» DATA EXTRACTS

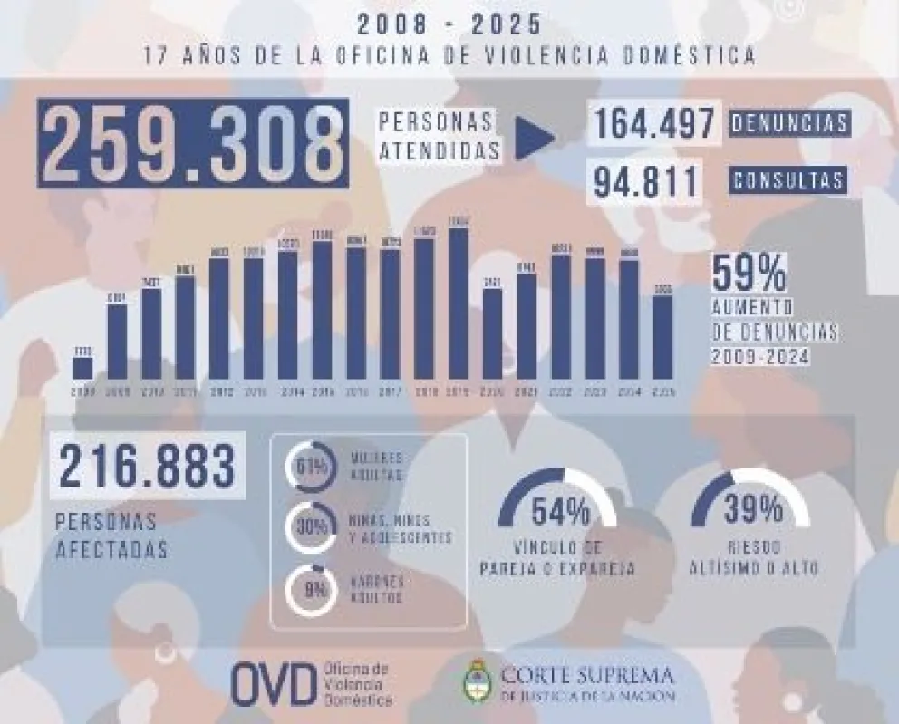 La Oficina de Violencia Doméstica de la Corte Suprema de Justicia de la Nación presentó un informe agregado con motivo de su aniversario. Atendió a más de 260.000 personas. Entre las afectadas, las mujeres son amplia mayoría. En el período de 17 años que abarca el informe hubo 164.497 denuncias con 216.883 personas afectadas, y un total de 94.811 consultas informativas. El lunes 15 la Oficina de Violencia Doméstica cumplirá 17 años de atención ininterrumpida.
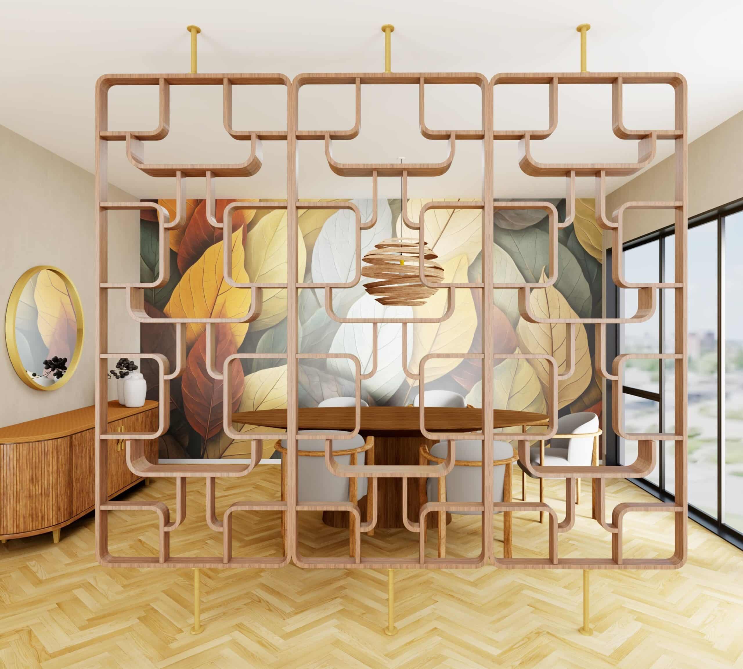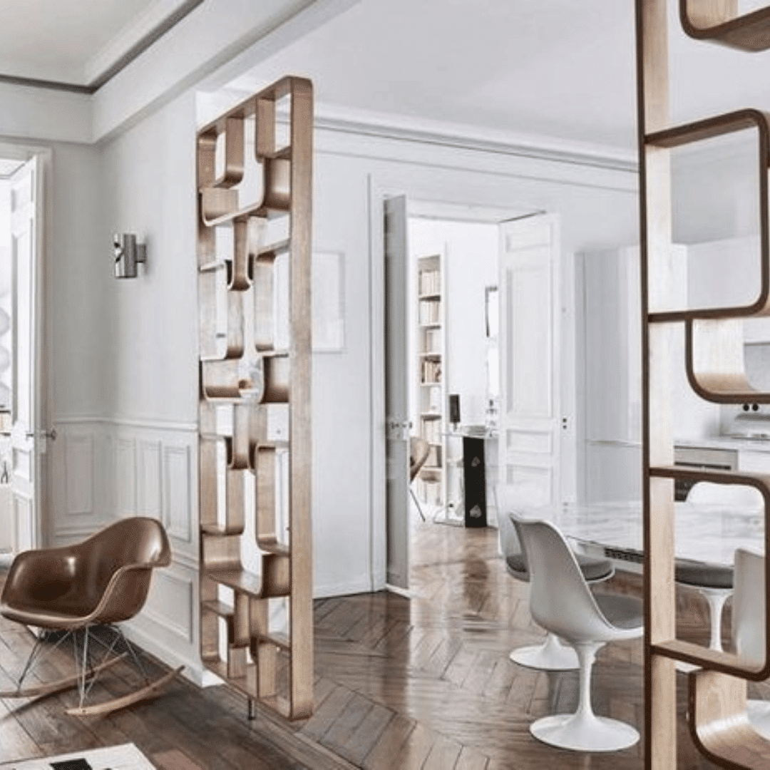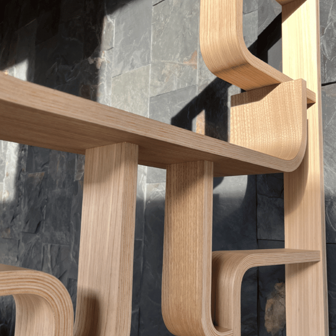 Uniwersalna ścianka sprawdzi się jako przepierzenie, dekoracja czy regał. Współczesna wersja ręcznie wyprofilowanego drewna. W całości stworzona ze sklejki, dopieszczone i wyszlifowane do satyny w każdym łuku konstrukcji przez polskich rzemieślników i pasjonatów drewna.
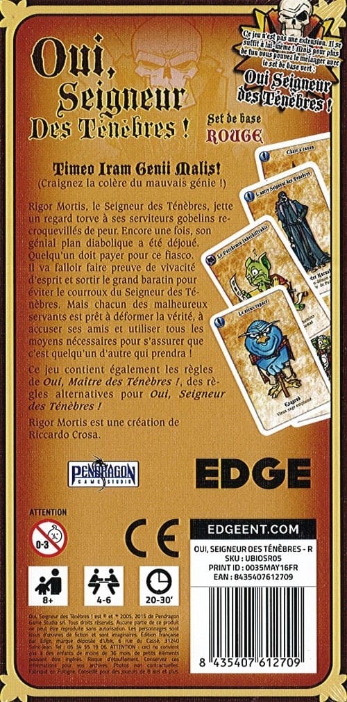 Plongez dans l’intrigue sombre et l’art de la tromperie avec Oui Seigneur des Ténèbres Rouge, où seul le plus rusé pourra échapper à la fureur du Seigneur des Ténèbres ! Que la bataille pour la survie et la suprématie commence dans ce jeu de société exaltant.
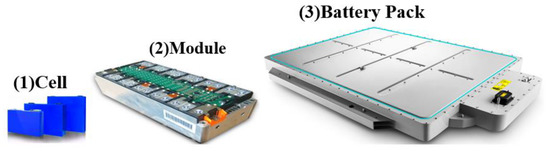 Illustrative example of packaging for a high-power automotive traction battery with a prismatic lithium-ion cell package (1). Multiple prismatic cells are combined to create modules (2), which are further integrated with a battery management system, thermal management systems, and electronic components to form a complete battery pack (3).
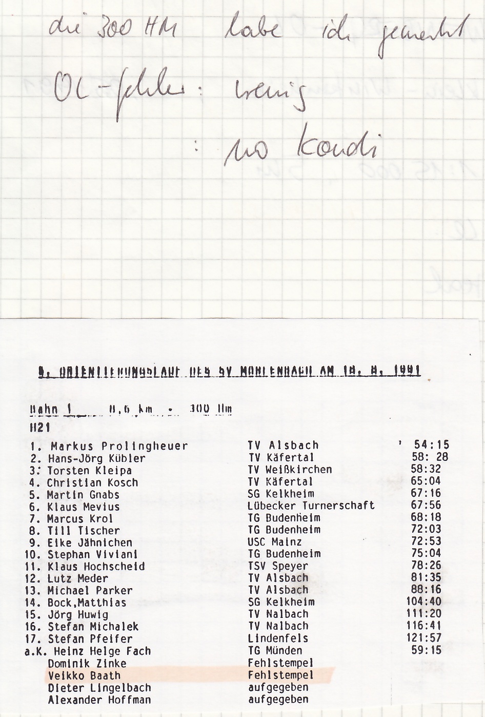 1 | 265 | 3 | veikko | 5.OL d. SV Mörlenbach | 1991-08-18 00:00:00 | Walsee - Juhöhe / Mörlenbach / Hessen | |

» YOUR ASSIGNMENT
Line for line, retype the material exactly, omitting any pictures.

» OUTPUT OF THE EXERCISE
 La Oficina de Violencia Doméstica de la Corte Suprema de Justicia de la Nación presentó un informe agregado con motivo de su aniversario. Atendió a más de 260.000 personas. Entre las afectadas, las mujeres son amplia mayoría. En el período de 17 años que abarca el informe hubo 164.497 denuncias con 216.883 personas afectadas, y un total de 94.811 consultas informativas. El lunes 15 la Oficina de Violencia Doméstica cumplirá 17 años de atención ininterrumpida.
 Uniwersalna ścianka sprawdzi się jako przepierzenie, dekoracja czy regał. Współczesna wersja ręcznie wyprofilowanego drewna. W całości stworzona ze sklejki, dopieszczone i wyszlifowane do satyny w każdym łuku konstrukcji przez polskich rzemieślników i pasjonatów drewna.
 Plongez dans l’intrigue sombre et l’art de la tromperie avec Oui Seigneur des Ténèbres Rouge, où seul le plus rusé pourra échapper à la fureur du Seigneur des Ténèbres ! Que la bataille pour la survie et la suprématie commence dans ce jeu de société exaltant.
 Illustrative example of packaging for a high-power automotive traction battery with a prismatic lithium-ion cell package (1). Multiple prismatic cells are combined to create modules (2), which are further integrated with a battery management system, thermal management systems, and electronic components to form a complete battery pack (3).
 1 | 265 | 3 | veikko | 5.OL d. SV Mörlenbach | 1991-08-18 00:00:00 | Walsee - Juhöhe / Mörlenbach / Hessen | |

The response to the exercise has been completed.